Data from the Ministry of Health revealed that between 2007 and 2014, Brazil witnessed 1,186 deaths directly related to pesticide use, meaning on an average, 148 per year, or one death every two and a half days. 

Per Fiocruz or Oswaldo Cruz Foundation, a Rio-based research organization which also provides relief services to health professionals who inhale toxic fumes from these herbicides, estimated an average of one case every 90 minutes, arguing that a high number of cases go unreported, Sul 21 reported.  

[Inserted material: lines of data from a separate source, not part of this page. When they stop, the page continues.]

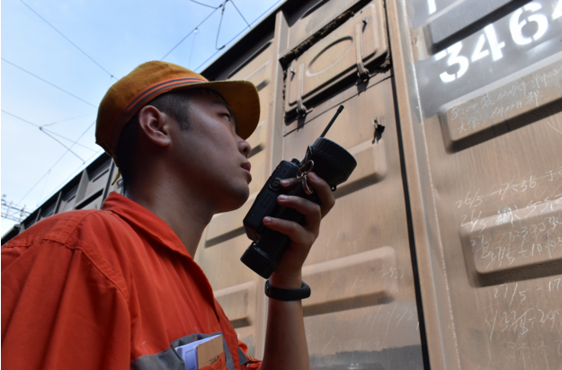 檢車員魏梓健用對(duì)講機(jī)和值班員核對(duì)車輛修程。
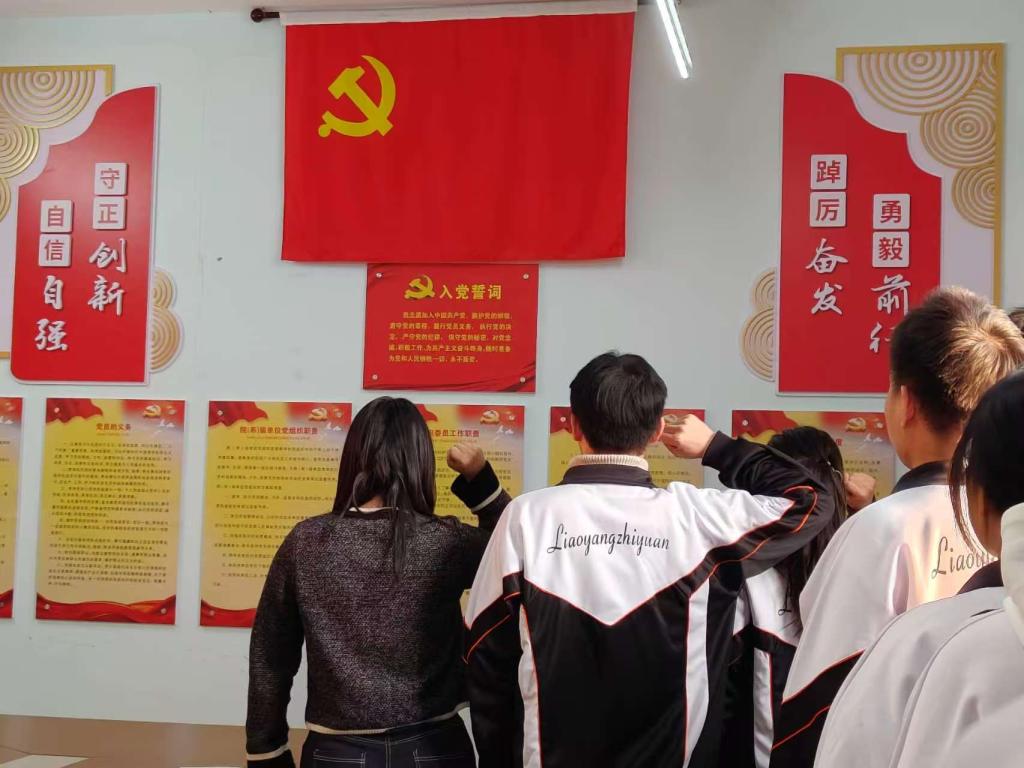 支部党员李玉婷和赵姝婷,在党旗下为以上5名中共预备党员佩戴党徽,并面向党旗庄严宣誓。
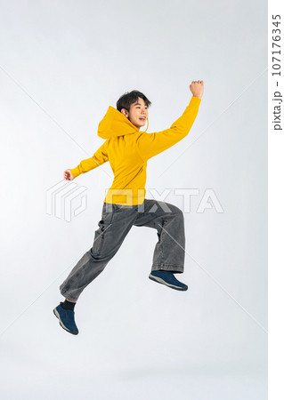 Little Boy Junping Enjoy Happiness Cheerful Studio Portrait
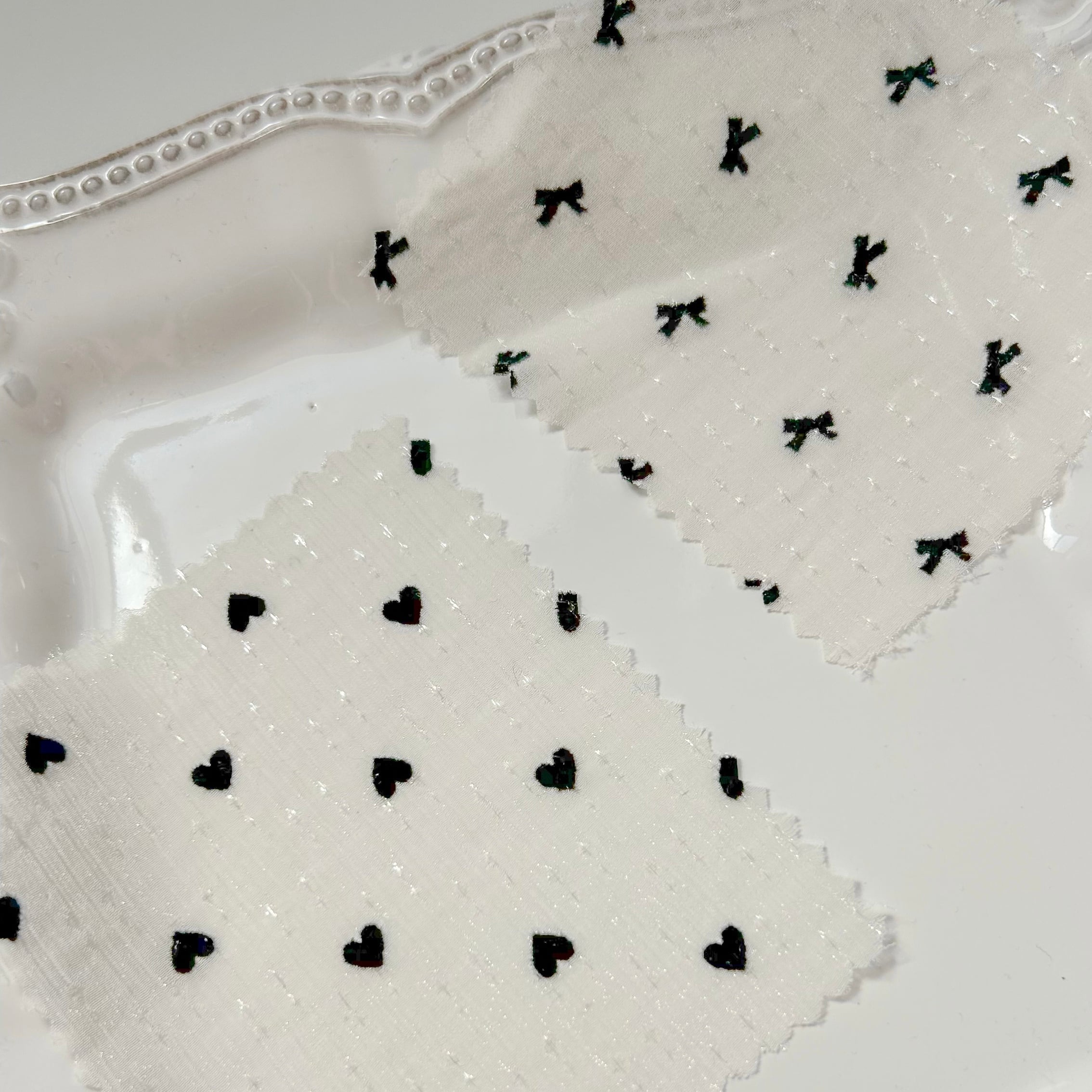 シフォン生地に小さいリボンやハートが
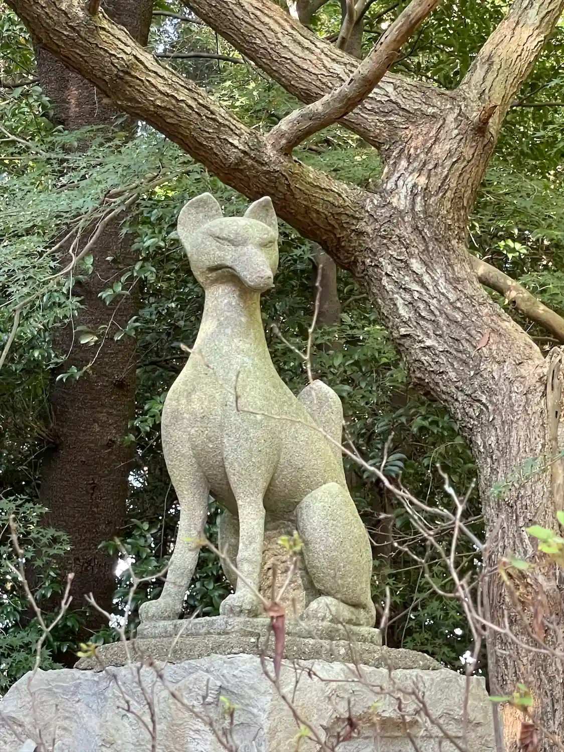 裏に狸と狐とシーサー?
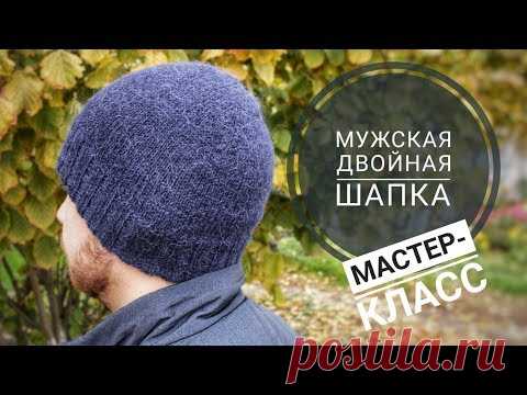 ДВОЙНАЯ МУЖСКАЯ ШАПКА СПИЦАМИ • Подробный МК
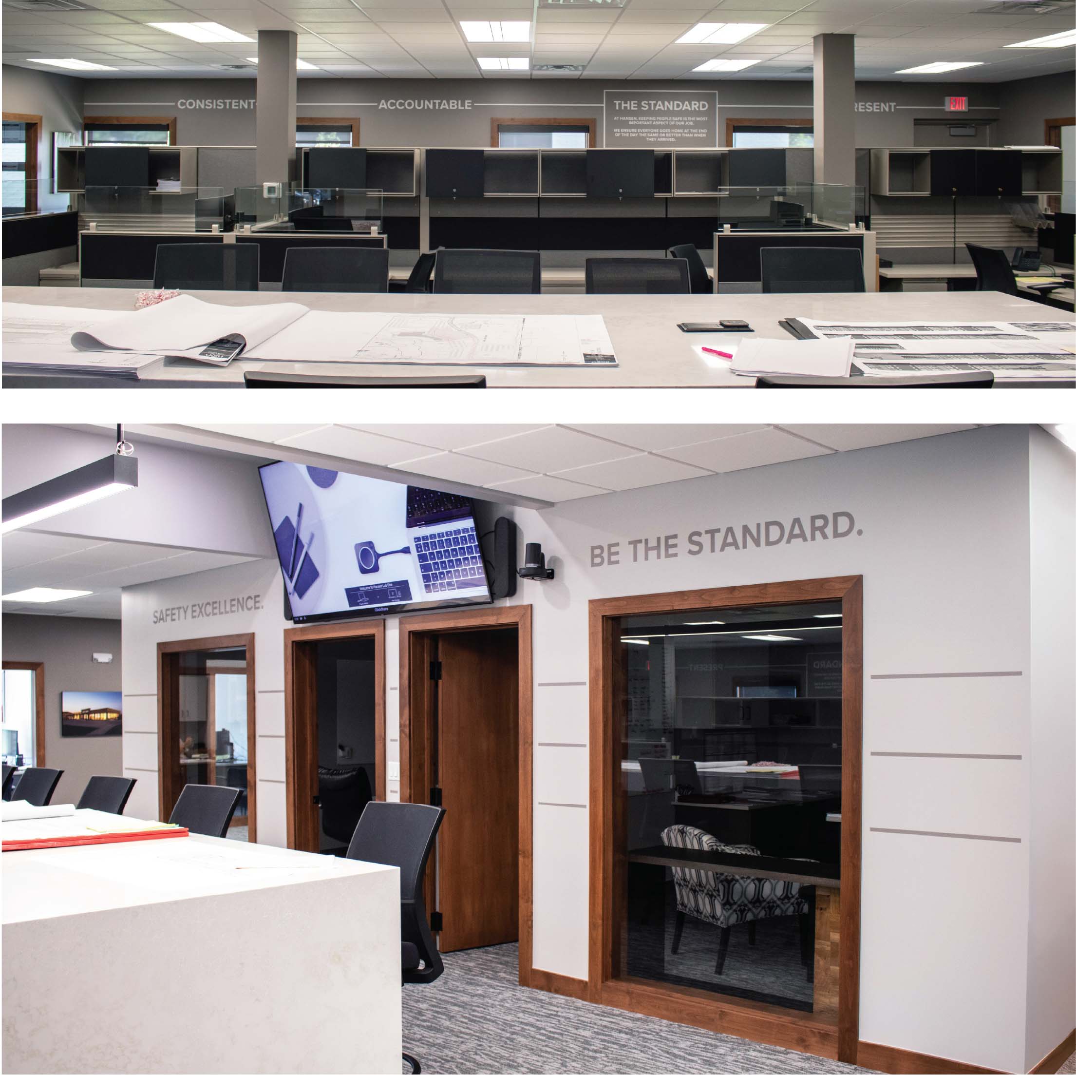 Brought in early, our team helped plan the space before construction began. The goal was to refresh the office space to reflect Hansen’s values while honoring its roots.
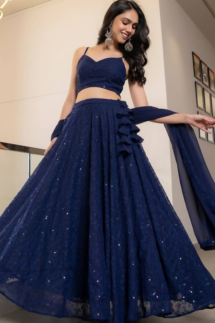 • Style : A Line Lehenga • Fabric : Georgette • Work : Embroidered • Color : Navy Blue Dupatta Details
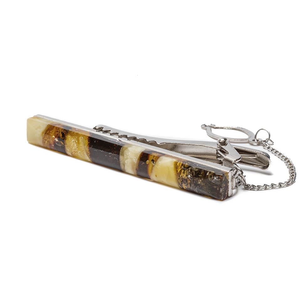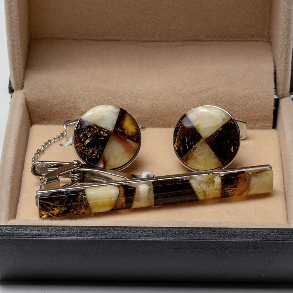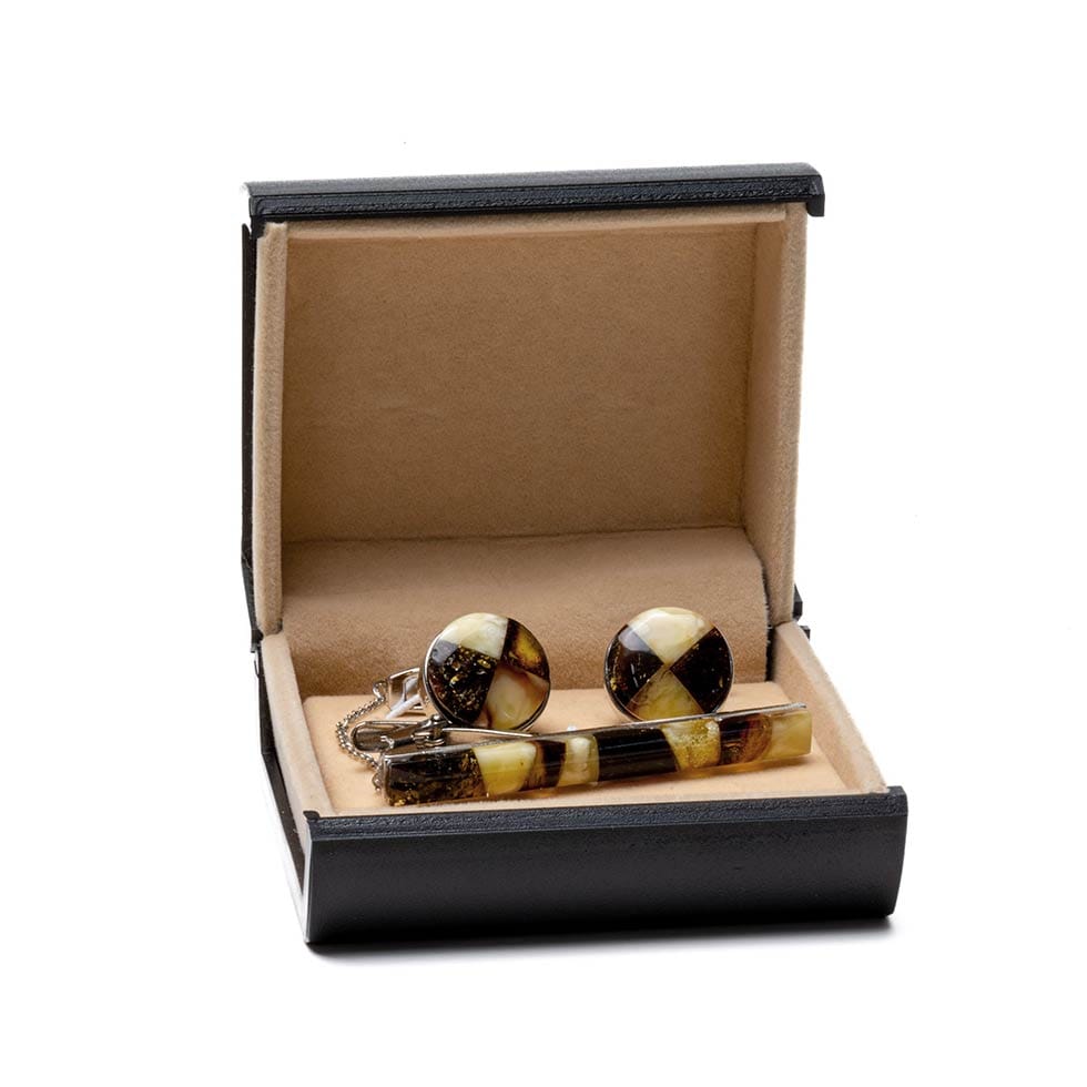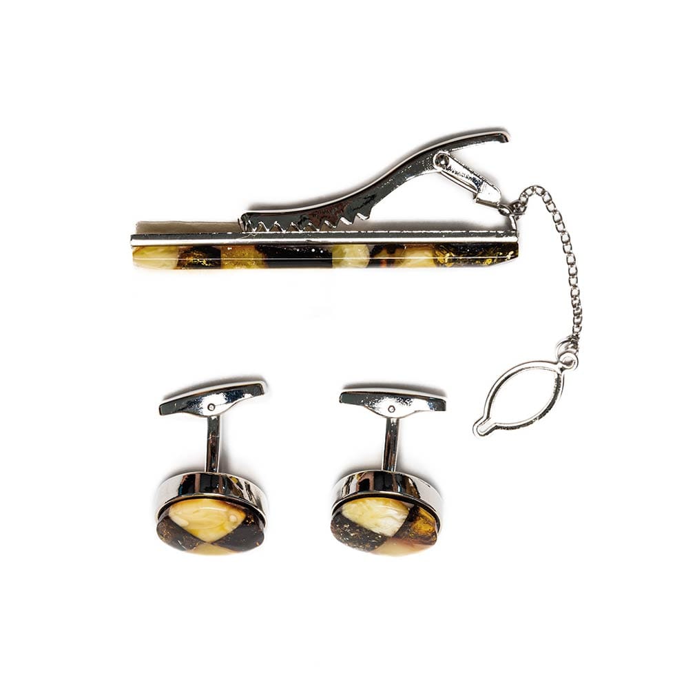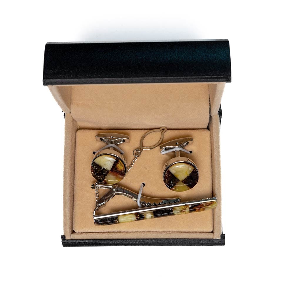 Dzintara aksesuāru komplekts vīriešiem. Komplektā ietilpst dzintara aproču pogas un kaklasaites turētājs sudraba krāsā, kas ievietoti glītā kastītē.

Chronic cases, those to which the individual - usually agricultural workers - are exposed repeatedly to the toxicant, hardly appear in the statistics. Aguiar pointed out, "the contamination routes are multiple: at work, at home, with aerial spraying, in the food and water they consume."

There is also a concern over how farming companies and the healthcare system treat the issue. The first one is based on an impertinence of the companies that give out services and the second with imprecise diagnoses in health. 

According to Aguiar, "great majority of workers do not seek health centers because they suffer from a great moral harassment in companies so that they do not seek services," and also because there is no specific way to address the issue in health centers for these cases. 

And an intensive research done on the history of soybean production in Latin America a few years ago by Miguel A. Altieri of University of California, Berkeley, and Walter A. Pengue of University of Buenos Aires, Argentina, revealed some disturbing findings within the industry. 

Countries such as Argentina, Brazil, Paraguay, Uruguay, and Bolivia, the world producers, are known to produce most of the world’s soybeans. 

In the region, "Since 1961 soybean increased 57 times and production volume increased 138 times," Altieri and Walter reported in their 2006 study "GM soybean: Latin America's new colonizer". 

"In Brazil, the Cerrado and the savannas are falling victim to the plow at a rapid pace."

The two researchers concluded, "Soybean expansion in Latin America represents a recent and powerful threat to biodiversity in Brazil, Argentina, Paraguay and Bolivia. Transgenic soybeans are much more environmentally damaging than other crops because in addition to the effects derived from the production methods, mainly heavy herbicide use and genetic pollution."